## To do
Return an exact copy of the data, starting at its first line and ending at the line that contains "You love charcuterie, we", minus any pictures.

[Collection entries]
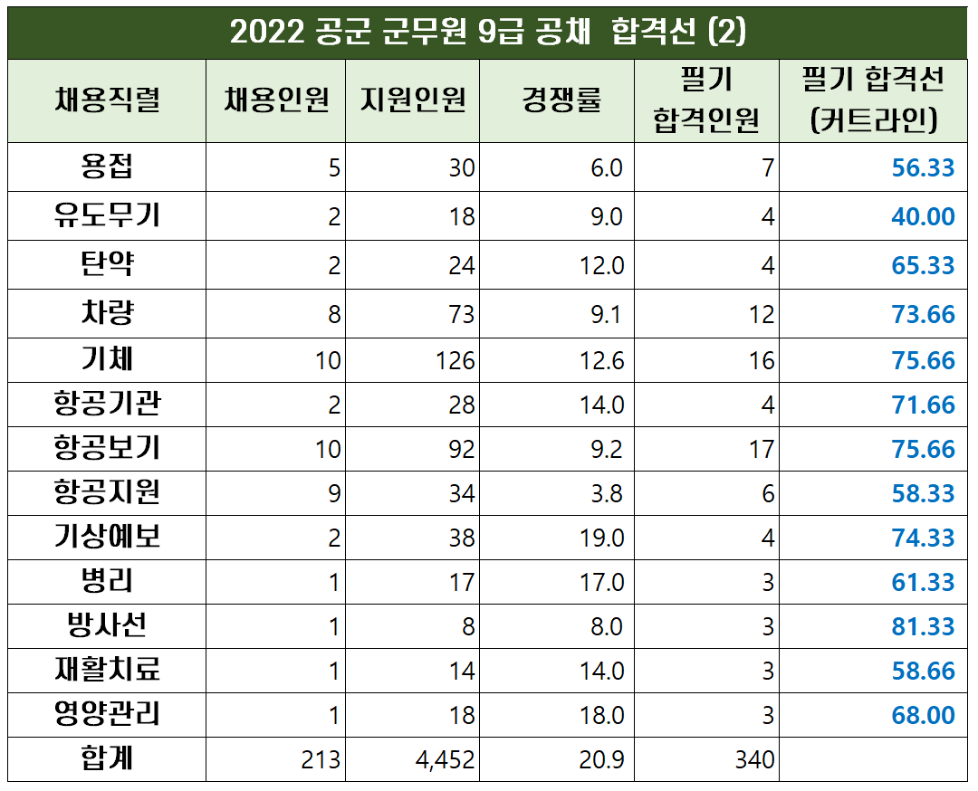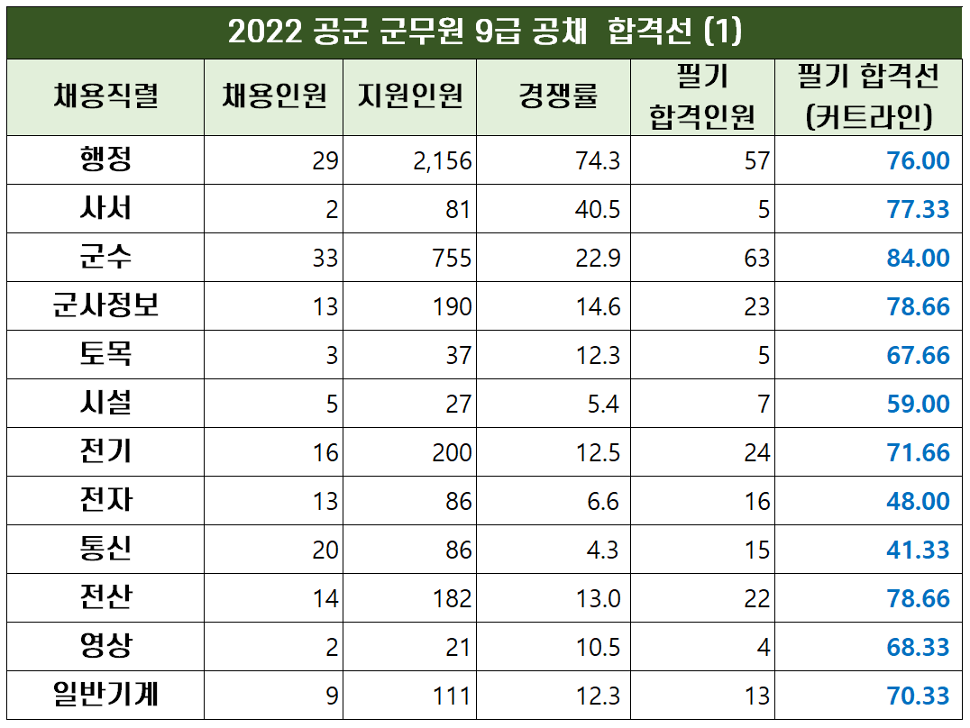 2022년 공군 군무원 9급 필기시험 합격선을 직렬별로 아래 표로 정리했습니다.
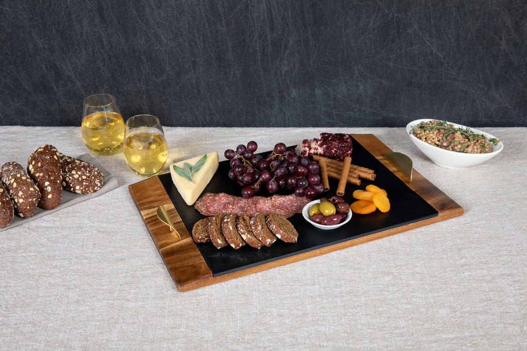 You love charcuterie, we love charcuterie, and for those people in your life that have never been blessed with it, you'll want their first time to be on the Covina Serving Tray. The Covina has a modern look with soft rounded edges on the acacia wood tray, and a removable slate serving board. This beautiful tray has four foam feet on the bottom side so that your meats and cheeses will stay safely where you set them, and the whole thing is easily carried around by the two rounded satin brass-toned handles. If you're going to a party, hosting one, or enjoying a Friday night mixer for one, knock up the taste and style with the Covina Serving Tray, because everything is better on slate.
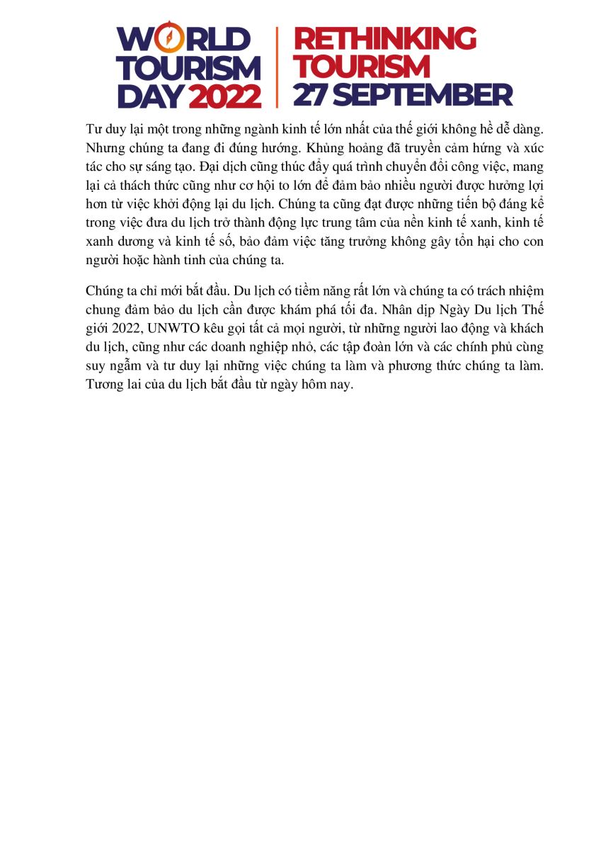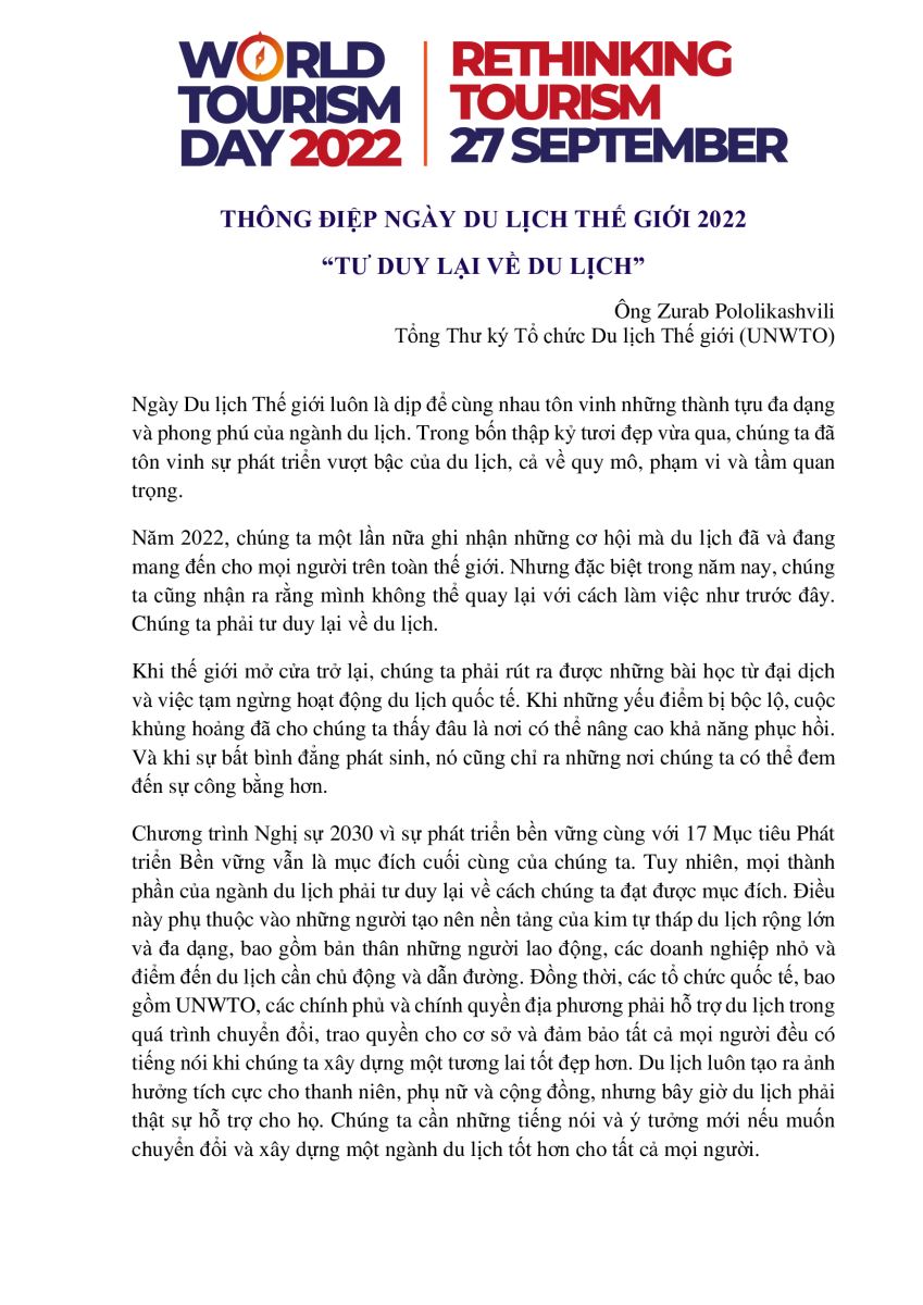 Trung tâm Thông tin du lịch trân trọng giới thiệu toàn văn Thông điệp của Tổng Thư ký Tổ chức Du lịch Thế giới (UNWTO) Zurab Pololikashvili về Ngày Du lịch Thế giới 2022 với chủ đề "Tư duy lại về du lịch - Rethinking Tourism". Ngày Du lịch Thế giới năm nay sẽ diễn ra tại Bali, Indonesia vào ngày 27/9/2022.
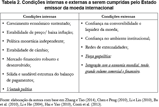 Considera-se que para o cumprimento das funções acima elencadas, uma moeda nacional deve antes estar associada a um Estado que ofereça condições internas e conte com condições externas que a gabarite poder cumprir um papel internacional, conforme elenca-se no tabela 2.
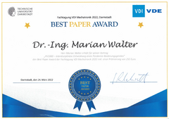 An der Fachtagung VDI Mechtronik 2022 in Darmstadt wurde Herr Dr. Walter für seinen Vortrag "PV1000 - Interdiszplinäre Entwicklung eines Pandemie-Beatmungsgeräts" mit dem Best Paper Award ausgezeichnet.
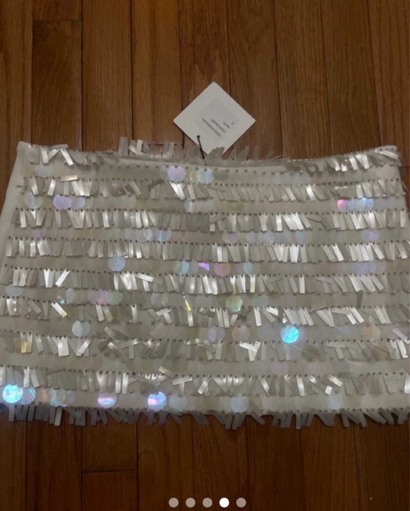Tagged as size S but runs really big so it would probably fit M or even an L the best. Sequin mini skirt.
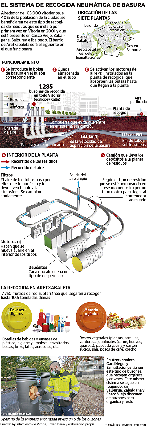 Más de 60 kilómetros de tentáculos subterráneos conectados a una serie de «aspiradoras gigantes» se 'tragan' a diario los desechos que generan cerca de la ... mitad de los hogares vitorianos. Un 'monstruo de las basuras' que no tiene nada de monstruoso y que de hecho ha colocado a la capital alavesa como una de las pioneras a nivel nacional en el sistema de recogida neumática de residuos. Esta gran red continúa en expansión y se 'enciende' a partir de hoy (19 de octubre), en los barrios del Sur, donde 900 hogares de Aretxabaleta, Gardélegui y Esmaltaciones podrán estrenar al fin, tras varios años de espera, los receptáculos ya presentes en el Casco Viejo, Ibaiondo, Salburua y Zabalgana. Entre todos esos distritos se reparten las siete plantas centrales del sistema de recogida al que están enganchados más de 100.000 vitorianos (el 40% de la población), según datos municipales.
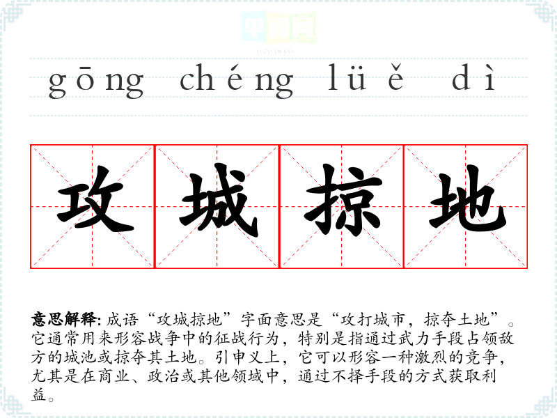成语“攻城掠地”字面意思是“攻打城市,掠夺土地”。它通常用来形容战争中的征战行为,特别是指通过武力手段占领敌方的城池或掠夺其土地。引申义上,它可以形容一种激烈的竞争,尤其是在商业、政治或其他领域中,通过不择手段的方式获取利益。

## Result for this exercise
 2022년 공군 군무원 9급 필기시험 합격선을 직렬별로 아래 표로 정리했습니다.
 You love charcuterie, we love charcuterie, and for those people in your life that have never been blessed with it, you'll want their first time to be on the Covina Serving Tray. The Covina has a modern look with soft rounded edges on the acacia wood tray, and a removable slate serving board. This beautiful tray has four foam feet on the bottom side so that your meats and cheeses will stay safely where you set them, and the whole thing is easily carried around by the two rounded satin brass-toned handles. If you're going to a party, hosting one, or enjoying a Friday night mixer for one, knock up the taste and style with the Covina Serving Tray, because everything is better on slate.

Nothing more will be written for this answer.